» WHAT YOU ARE ASKED TO DO: Given the material below, return only the lines starting at the line with "Brown cami top" and ending at the line with "reverse proxy. Do", exactly as they appear.
╭─ SUPPLIED DATA
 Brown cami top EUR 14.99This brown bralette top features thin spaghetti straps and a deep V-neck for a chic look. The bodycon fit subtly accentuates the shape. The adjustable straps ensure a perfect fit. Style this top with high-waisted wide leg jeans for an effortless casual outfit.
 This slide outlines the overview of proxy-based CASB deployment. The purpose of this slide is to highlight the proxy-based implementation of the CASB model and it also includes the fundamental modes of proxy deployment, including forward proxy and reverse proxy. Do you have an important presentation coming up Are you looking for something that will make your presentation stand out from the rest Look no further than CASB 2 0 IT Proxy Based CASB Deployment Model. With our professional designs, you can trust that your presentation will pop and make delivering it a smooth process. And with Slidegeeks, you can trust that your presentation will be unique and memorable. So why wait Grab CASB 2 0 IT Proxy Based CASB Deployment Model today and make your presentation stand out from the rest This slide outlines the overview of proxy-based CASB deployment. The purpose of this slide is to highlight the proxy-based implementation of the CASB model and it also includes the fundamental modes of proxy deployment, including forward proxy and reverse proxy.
╰─
╭─ SUPPLIED DATA
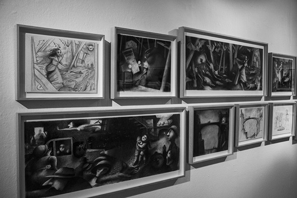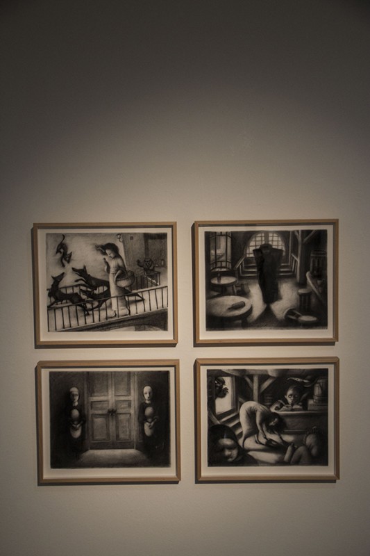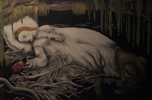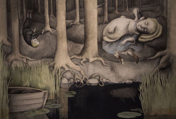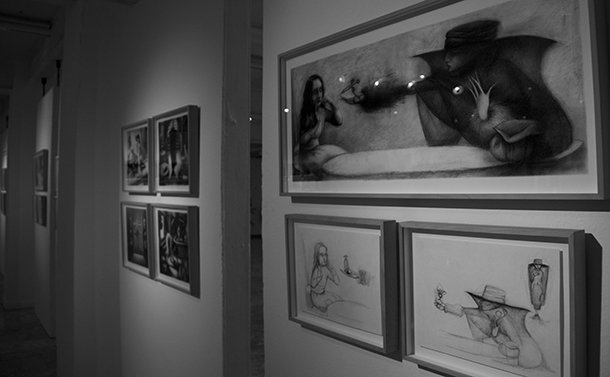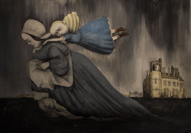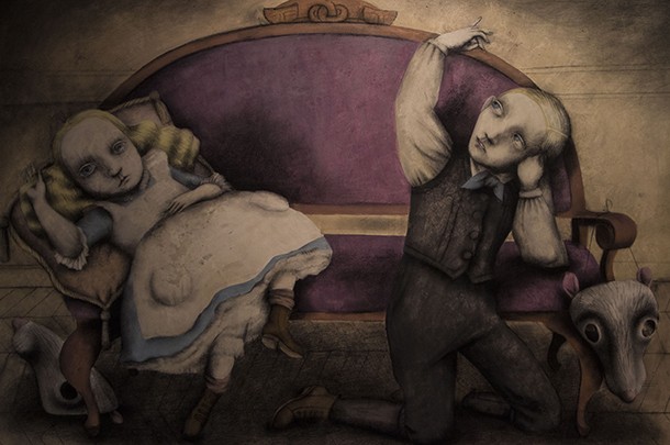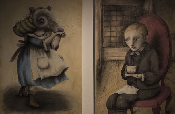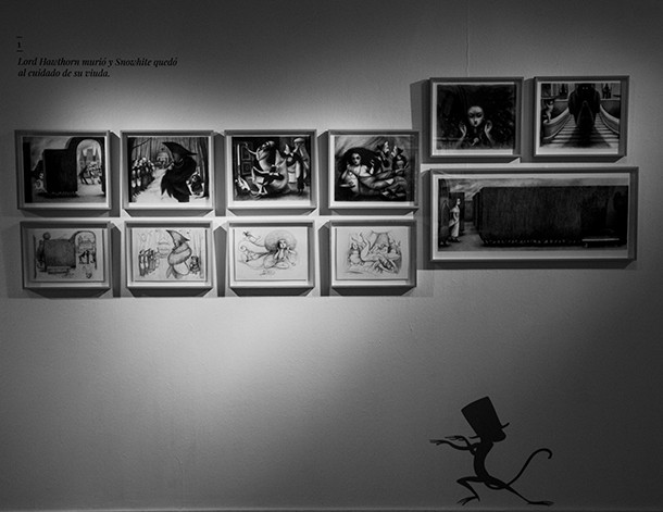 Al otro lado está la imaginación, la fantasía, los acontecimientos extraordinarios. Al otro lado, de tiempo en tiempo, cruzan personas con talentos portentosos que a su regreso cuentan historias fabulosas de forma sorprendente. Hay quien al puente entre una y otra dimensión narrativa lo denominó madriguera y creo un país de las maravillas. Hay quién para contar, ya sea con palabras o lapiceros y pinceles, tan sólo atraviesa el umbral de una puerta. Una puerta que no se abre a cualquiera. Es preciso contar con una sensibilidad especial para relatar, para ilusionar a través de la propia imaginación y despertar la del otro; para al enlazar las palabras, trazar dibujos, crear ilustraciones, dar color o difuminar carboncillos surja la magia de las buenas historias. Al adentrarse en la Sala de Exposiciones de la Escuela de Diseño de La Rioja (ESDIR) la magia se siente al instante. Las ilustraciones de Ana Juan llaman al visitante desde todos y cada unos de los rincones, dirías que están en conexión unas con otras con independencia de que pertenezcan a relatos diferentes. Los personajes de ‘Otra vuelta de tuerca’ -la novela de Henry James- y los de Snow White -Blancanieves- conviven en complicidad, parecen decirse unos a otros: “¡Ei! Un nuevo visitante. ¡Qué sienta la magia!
╰─
╭─ SUPPLIED DATA
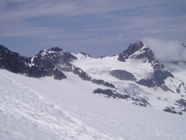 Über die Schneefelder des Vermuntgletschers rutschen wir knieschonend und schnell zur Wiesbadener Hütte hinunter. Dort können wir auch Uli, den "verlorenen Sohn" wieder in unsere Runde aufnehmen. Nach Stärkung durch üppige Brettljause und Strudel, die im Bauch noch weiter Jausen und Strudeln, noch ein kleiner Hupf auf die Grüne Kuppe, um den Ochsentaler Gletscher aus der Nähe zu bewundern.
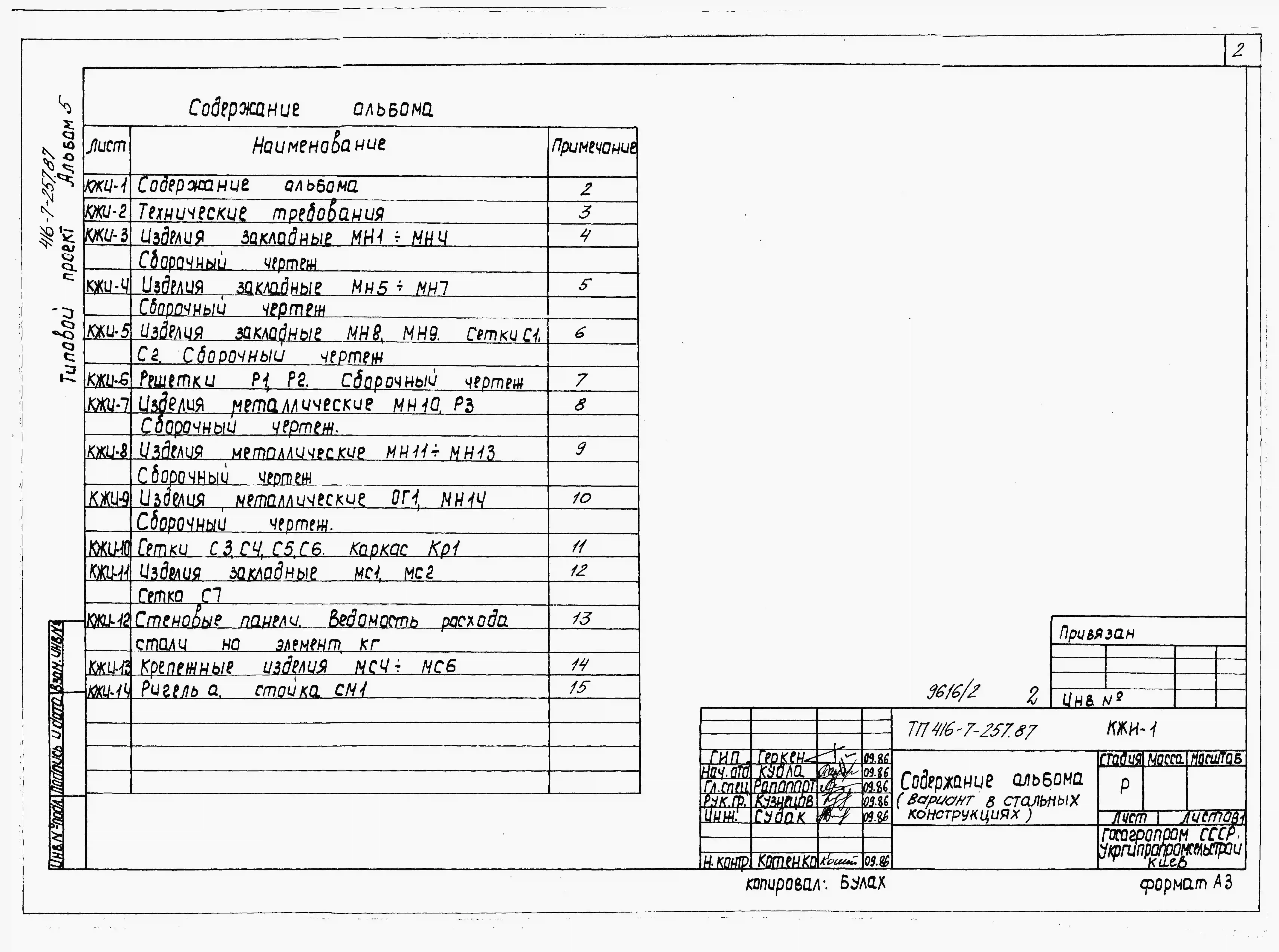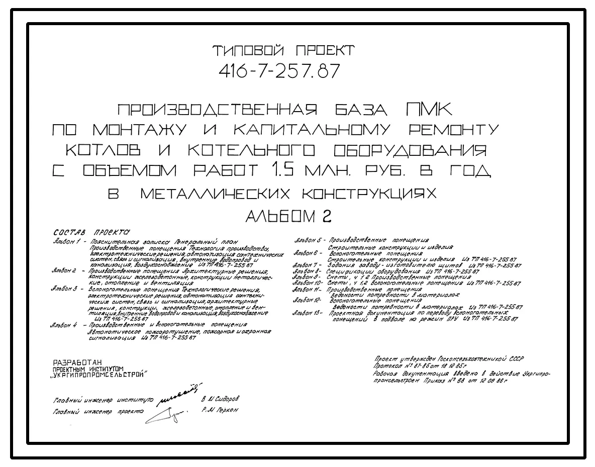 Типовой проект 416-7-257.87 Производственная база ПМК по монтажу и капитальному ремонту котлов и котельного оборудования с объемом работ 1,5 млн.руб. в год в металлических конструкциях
╰─
» RESULT FOR THIS TASK:
 Brown cami top EUR 14.99This brown bralette top features thin spaghetti straps and a deep V-neck for a chic look. The bodycon fit subtly accentuates the shape. The adjustable straps ensure a perfect fit. Style this top with high-waisted wide leg jeans for an effortless casual outfit.
 This slide outlines the overview of proxy-based CASB deployment. The purpose of this slide is to highlight the proxy-based implementation of the CASB model and it also includes the fundamental modes of proxy deployment, including forward proxy and reverse proxy. Do you have an important presentation coming up Are you looking for something that will make your presentation stand out from the rest Look no further than CASB 2 0 IT Proxy Based CASB Deployment Model. With our professional designs, you can trust that your presentation will pop and make delivering it a smooth process. And with Slidegeeks, you can trust that your presentation will be unique and memorable. So why wait Grab CASB 2 0 IT Proxy Based CASB Deployment Model today and make your presentation stand out from the rest This slide outlines the overview of proxy-based CASB deployment. The purpose of this slide is to highlight the proxy-based implementation of the CASB model and it also includes the fundamental modes of proxy deployment, including forward proxy and reverse proxy.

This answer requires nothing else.